### Assignment
Print out the data below in full and exactly, skipping the pictures.

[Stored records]
────────────────────

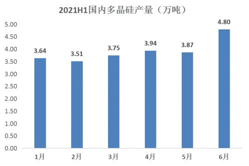 從硅業(yè)分會2021年上半年預計的硅片產量來看,硅料需求量合計約29.8萬噸,而國內供給量約為28.1萬噸,供給與需求大致處于緊平衡狀態(tài)。硅片產能的超前超量釋放導致硅料總體需求激增,硅料企業(yè)上半年基本都是滿產運營狀態(tài),部分硅料企業(yè)個別月份綜合開工率更是高達111%。
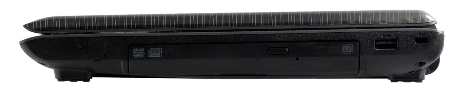 Ноутбук хорошо выглядит с любого ракурса, а утолщение на боковой грани — это ни что иное, как оптический привод. Этот компонент, уже действительно не обязателен даже для крупногабаритных моделей (разве что ради поддержки Blu-ray). А для ноутбуков с размерами экрана от 14 и меньше — тем более. Однако есть достаточно много пользователей, для которых наличие DVD-привода в ноутбуке желательно и воспринимается как преимущество. Ноутбук достаточно легкий: 2,26 кг и компактный: 24x34 см при толщине корпуса в пределах 3-3,5 см.
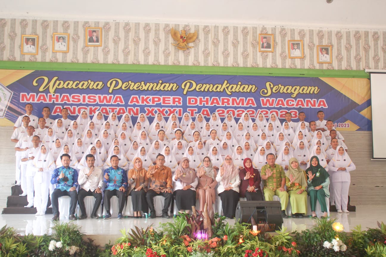 Sementara itu, Direktur Akper Dharma Wacana, Ludiana melaporkan tujuan peresmian Penggunaan Pakaian Seragam kepada Mahasiswa Akademi Keperawatan Dharma Wacana Metro angkatan XXXI T.A 2022/2023 yang diikuti oleh 87 mahasiswa, karena mahasiswa di anggap sudah siap untuk melakukan praktek dilapangan baik di Rumah Sakit, Puskesmas , Praktek Bidan Swasta maupun di Panti Jompo.
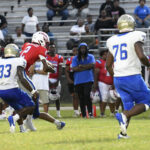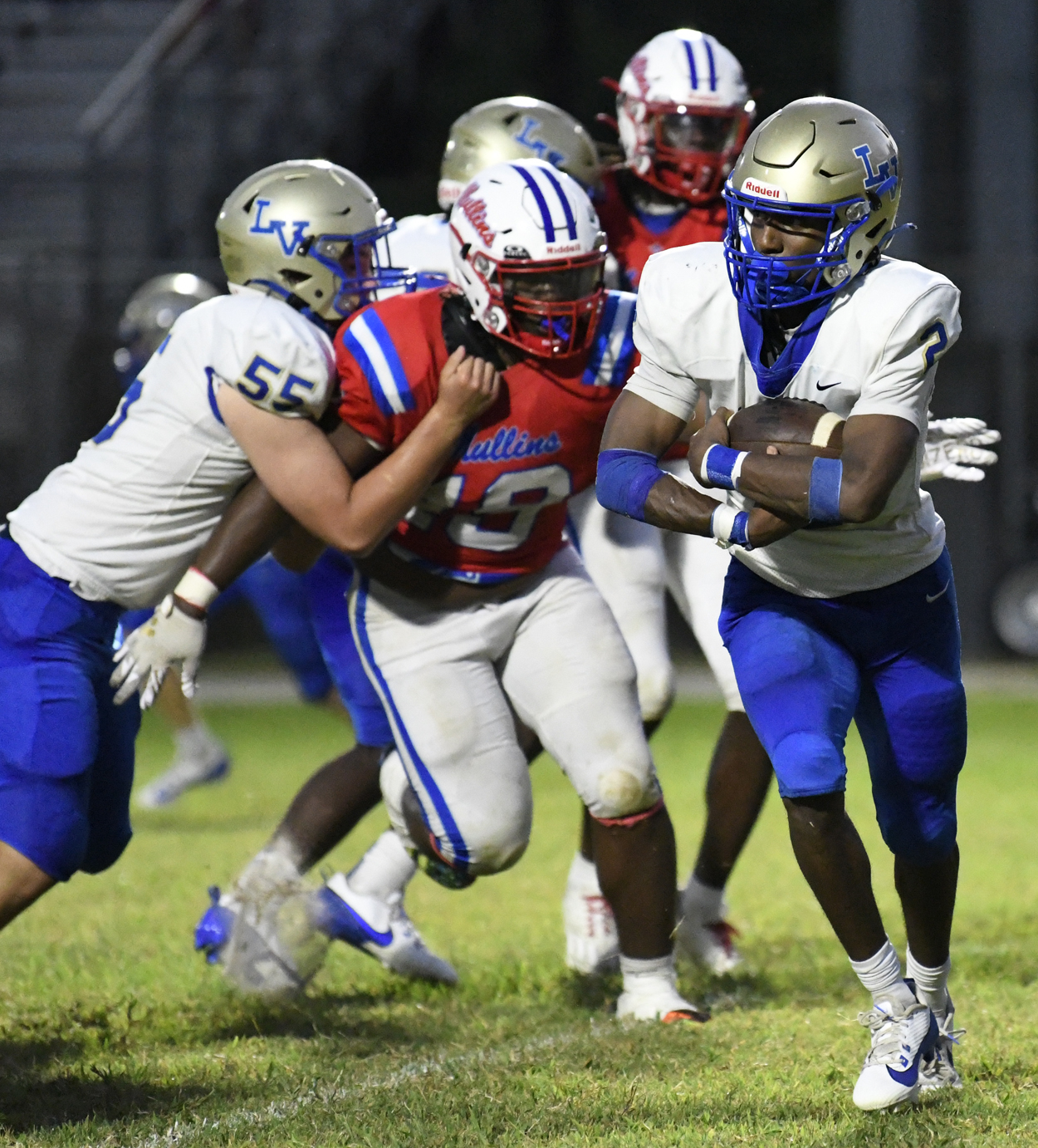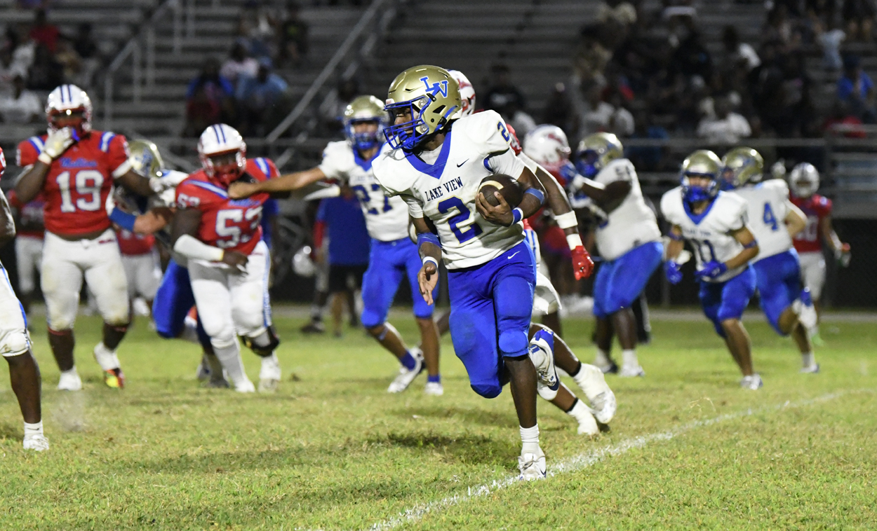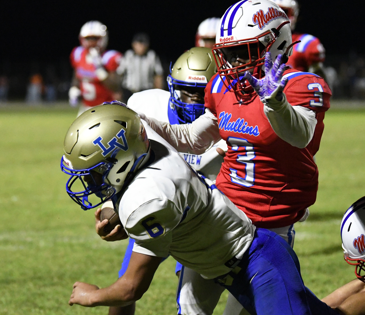 Mullins’ Zayan Grant scored from 17 yards. However, a flag on the play nullified the touchdown. Mullins’ Kanazzion Bethea carried and a flag against Lake View gave Mullins a first down on Lake View’s 11-yard line. On fourth and 3, Mullins’ Kanazzion Bethea fumbled, and Lake View recovered the fumble on their 10-yard line. On fourth and 1, Lake View was stopped and Mullins took over on Lake View’s 18-yard line.
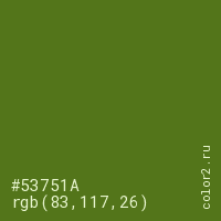 Цвет #53751A в цветовой модели RGB обозначается тремя октетами (83, 117, 26) в десятичном формате и #53751A в шестнадцатиричном (hex) формате, которые являются интенсивностью красного 83 (hex 53), интенсивность зелёного 117 (hex 75) и интенсивность синего 26 (hex 1A).
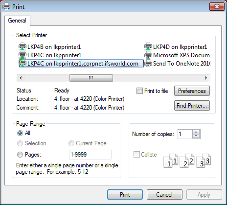 Select printer, page range, number of copies and click Print button. The Preview dialog below is displayed:
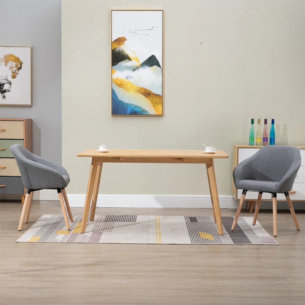 Made from quality fabric, this set of 2 dining chairs is aesthetically and ergonomically designed to make a cosy highlight in your home. It provides a comfortable place for your family to have dinner in the dining room or read and rest in the living room. Thanks to the thickly foam padded seat, armrests and backrest, our chairs will surely bring you optimal seating comfort. Additionally, the black metal and solid wood legs bring super stability and ensure the chairs excellent durability.
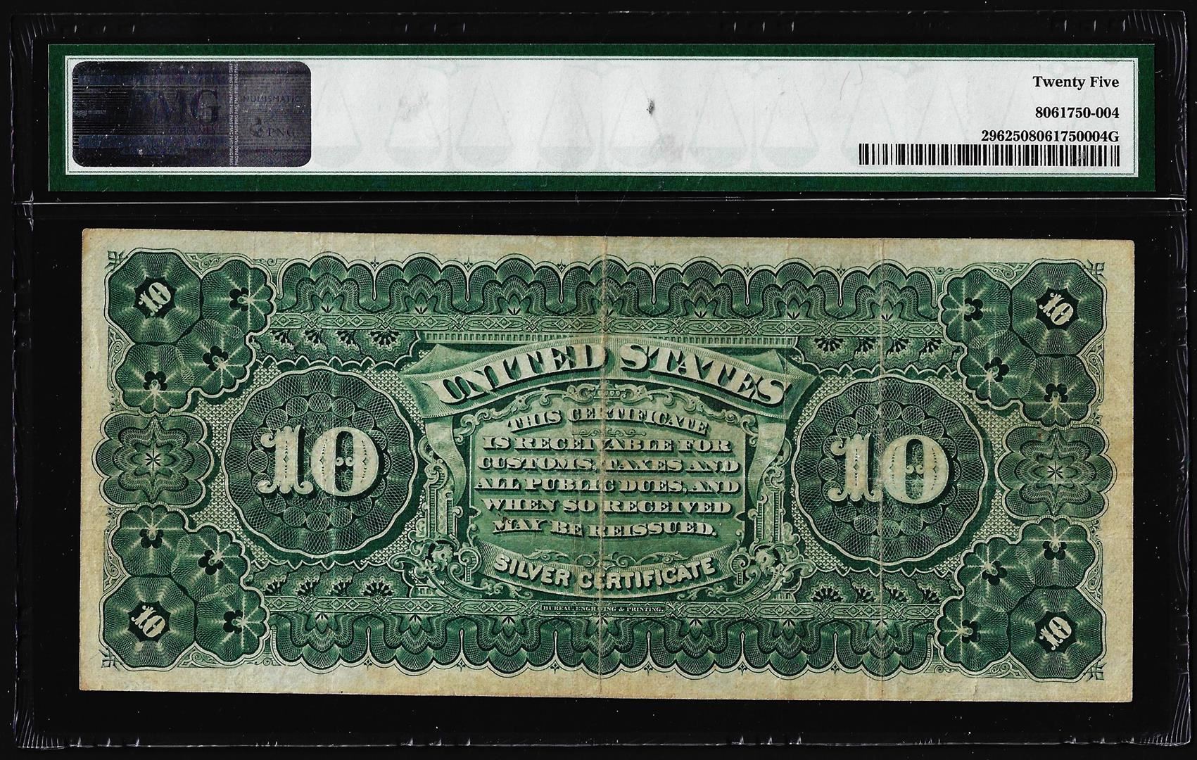 One 1886 $10 Tombstone Silver Certificate Note Fr.296 PMG Very Fine 25. PMG Certified.

────────────────────

### Result for this task
 從硅業(yè)分會2021年上半年預計的硅片產量來看,硅料需求量合計約29.8萬噸,而國內供給量約為28.1萬噸,供給與需求大致處于緊平衡狀態(tài)。硅片產能的超前超量釋放導致硅料總體需求激增,硅料企業(yè)上半年基本都是滿產運營狀態(tài),部分硅料企業(yè)個別月份綜合開工率更是高達111%。
 Ноутбук хорошо выглядит с любого ракурса, а утолщение на боковой грани — это ни что иное, как оптический привод. Этот компонент, уже действительно не обязателен даже для крупногабаритных моделей (разве что ради поддержки Blu-ray). А для ноутбуков с размерами экрана от 14 и меньше — тем более. Однако есть достаточно много пользователей, для которых наличие DVD-привода в ноутбуке желательно и воспринимается как преимущество. Ноутбук достаточно легкий: 2,26 кг и компактный: 24x34 см при толщине корпуса в пределах 3-3,5 см.
 Sementara itu, Direktur Akper Dharma Wacana, Ludiana melaporkan tujuan peresmian Penggunaan Pakaian Seragam kepada Mahasiswa Akademi Keperawatan Dharma Wacana Metro angkatan XXXI T.A 2022/2023 yang diikuti oleh 87 mahasiswa, karena mahasiswa di anggap sudah siap untuk melakukan praktek dilapangan baik di Rumah Sakit, Puskesmas , Praktek Bidan Swasta maupun di Panti Jompo.
 Mullins’ Zayan Grant scored from 17 yards. However, a flag on the play nullified the touchdown. Mullins’ Kanazzion Bethea carried and a flag against Lake View gave Mullins a first down on Lake View’s 11-yard line. On fourth and 3, Mullins’ Kanazzion Bethea fumbled, and Lake View recovered the fumble on their 10-yard line. On fourth and 1, Lake View was stopped and Mullins took over on Lake View’s 18-yard line.
 Цвет #53751A в цветовой модели RGB обозначается тремя октетами (83, 117, 26) в десятичном формате и #53751A в шестнадцатиричном (hex) формате, которые являются интенсивностью красного 83 (hex 53), интенсивность зелёного 117 (hex 75) и интенсивность синего 26 (hex 1A).
 Select printer, page range, number of copies and click Print button. The Preview dialog below is displayed:
 Made from quality fabric, this set of 2 dining chairs is aesthetically and ergonomically designed to make a cosy highlight in your home. It provides a comfortable place for your family to have dinner in the dining room or read and rest in the living room. Thanks to the thickly foam padded seat, armrests and backrest, our chairs will surely bring you optimal seating comfort. Additionally, the black metal and solid wood legs bring super stability and ensure the chairs excellent durability.
 One 1886 $10 Tombstone Silver Certificate Note Fr.296 PMG Very Fine 25. PMG Certified.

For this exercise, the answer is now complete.